O Secure Boot foi criado para aumentar a segurança do seu computador, mas acabou gerando efeitos colaterais, especialmente para quem tenta usar Linux em máquinas que vieram com Windows. Será que isso foi apenas um acidente… ou algo proposital?
Hoje nós vamos entender como essa tecnologia funciona, quais distros Linux lidam melhor com ela, e o que realmente acontece quando você desativa o Secure Boot no seu computador.
A introdução da polêmica
Será que essa foi mesmo a maior vigarice da Microsoft com o Linux na última década?
Quando a Microsoft lançou o Windows 8 lá em 2012, junto com aquele design cheio de quadrados coloridos e animações, ela também trouxe uma nova camada de segurança chamada Secure Boot. A promessa era tornar o Windows mais seguro, evitando que malwares conseguissem se infiltrar no sistema antes mesmo dele iniciar.
O problema é que, mais de dez anos depois, o Secure Boot não só foi quebrado várias vezes, como também trouxe uma série de efeitos colaterais, principalmente para quem tenta instalar Linux em computadores novos.
A situação chega ao ponto de algumas distros simplesmente não iniciarem quando o Secure Boot está ativo. E, em certos casos, até o próprio Windows começa a reclamar quando ele está desativado, como acontece em alguns jogos ou no próprio Windows 11, que exige o recurso para funcionar.
Mas afinal: o que é o Secure Boot? Por que ele existe? E será que há algo de proposital por trás de tudo isso?
O que é o Secure Boot e de onde ele veio
Embora o Secure Boot tenha estreado comercialmente com o Windows 8, ele foi criado antes disso, em 2011, pelo UEFI Forum, um consórcio internacional sem fins lucrativos responsável por desenvolver o padrão UEFI (Unified Extensible Firmware Interface), sucessor das antigas BIOS.
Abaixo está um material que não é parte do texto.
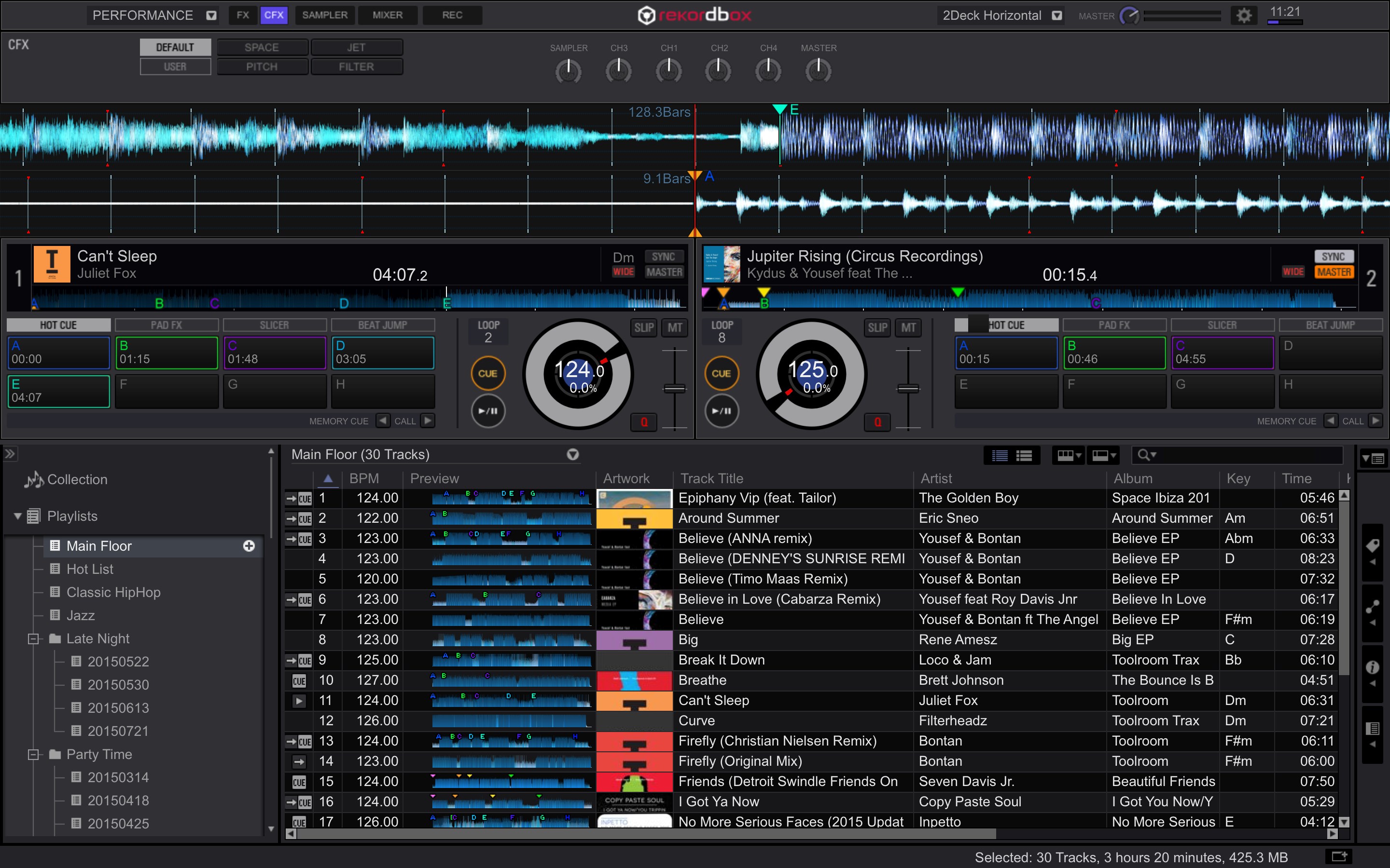 • La GUI es un reflejo de los aparatos de Pioneer para actuaciones intuitivas: La interfaz (GUI) del Rekordbox DJ es un fiel reflejo del diseño de los aparatos, incluyendo los nuevos controladores, el Pioneer DDJ-RX y el Pioneer DDJ-RZ , para ofrecer a los DJs, la forma más intuitiva y sencilla de realizar sus actuaciones. Los FX, el dibujo de onda, los reproductores, el sampler y el navegador reflejan exactamente el hardware, y los DJs pueden elegir entre una vista horizontal o vertical con 2 ó 4 decks para adaptarse a sus preferencias.
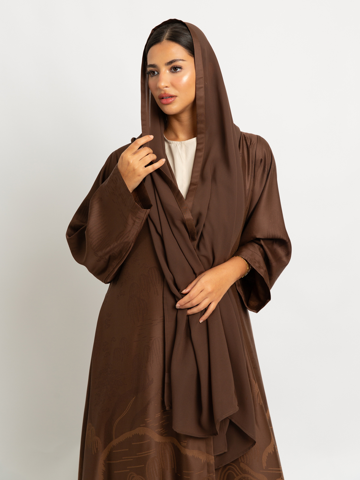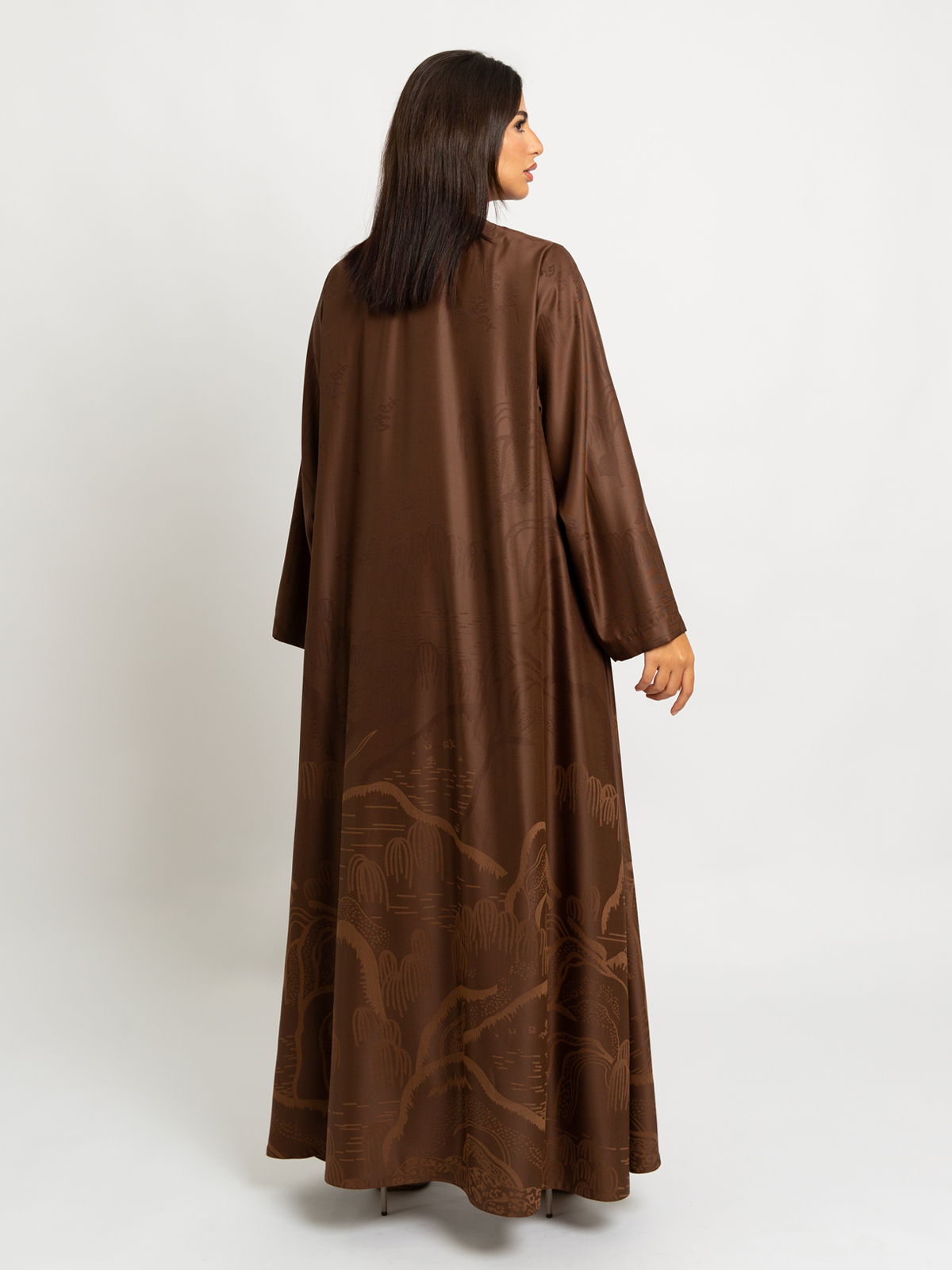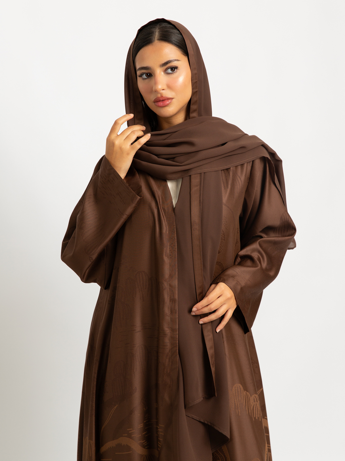 Half Cloche A-Cut Long Open Abaya in Mixed Woven Fabric
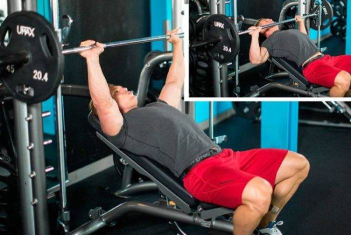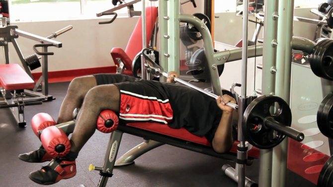 - Жим под углом в Смите. Для отработки техники движения или работы с большим весом, можно использовать этот тренажер.
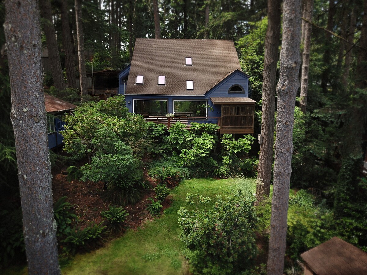 Ruhe, Privatsphäre und Komfort in den exklusiven Eugene South Hills. Eingebettet in die Baumkronen und doch nur wenige Minuten vom U of Oregon/der Innenstadt/der I-5 entfernt, verfügt diese 3-stöckige, über 90 Quadratmeter große Suite über einen eigenen Eingang, Fensterwände, einen Holzofen, einen Whirlpool im Freien, ein Kingsize-Bett, WLAN, Kabel-/Netflix, Self-Check-in/Check-out, schlüssellosen Zugang, eine neue schachtlose Klimaanlage und eine Masseurin. Dies ist die Nummer1 auf Airbnb in Eugene, die für Flitterwochen, Kurzurlaube und ein Musikvideo verwendet wird.
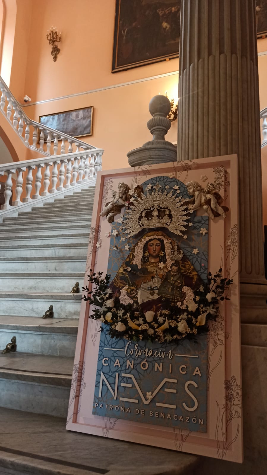 El Ayuntamiento de Benacazón informa que el Cartel de la Coronación Canónica de la Patrona de Benacazón la Virgen de las Nieves, realizado por el artista local Rafael LAureano Martínez González, forma parte de la Exposición de la Asociación Gremial de ARte Sacro de Sevilla "SEVILLA FECIT 2023", inaugurada el pasado 17 de marzo en el Ayuntamiento de la ciudad y que pueden visitar hasta el 9 de abril.
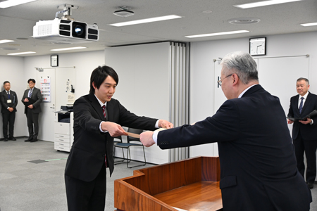 優れた創意工夫によって科学技術の考案、改良などに貢献した実績が顕著な功労者を表彰する文部科学大臣表彰で、北陸地方整備局の花沢裕哉氏による「歩道除雪車の作業装置自動化機構の考案」が創意工夫功労者賞に輝いた。15日には北陸地整で受賞伝達式が行われた。

O UEFI é o software que roda antes do sistema operacional, aquele menu que você acessa pressionando teclas como Del ou F2. Ele é responsável por iniciar o hardware e preparar o sistema para o boot. É nesse ambiente que o Secure Boot entra em ação.
A nobre ideia por trás do Secure Boot é garantir que o computador só inicialize softwares confiáveis. Ele faz isso impedindo que códigos não assinados ou alterados rodem no processo de boot, ajudando a bloquear um tipo de ameaça chamado bootkit, malware capaz de infectar o sistema antes mesmo do carregamento do kernel.
Em resumo, o Secure Boot é como um porteiro na entrada do seu computador: ele verifica se o seu nome (ou melhor, sua assinatura digital) está na lista. Se estiver, você entra. Se não, a porta continua fechada.
Como o Secure Boot decide quem entra e quem fica de fora
A autenticação do Secure Boot é feita por meio de criptografia assimétrica. O firmware do seu computador (UEFI) possui uma chave pública, e o sistema operacional ou o bootloader tem uma chave privada correspondente. Quando você liga o PC, o UEFI valida essa assinatura e só permite a inicialização se o par de chaves for legítimo.
Essas chaves são armazenadas em bancos de dados dentro do firmware:
- o db contém as chaves permitidas;
- o dbx contém as chaves revogadas (bloqueadas);
- e o KEK (Key Exchange Key) permite atualizar essas listas.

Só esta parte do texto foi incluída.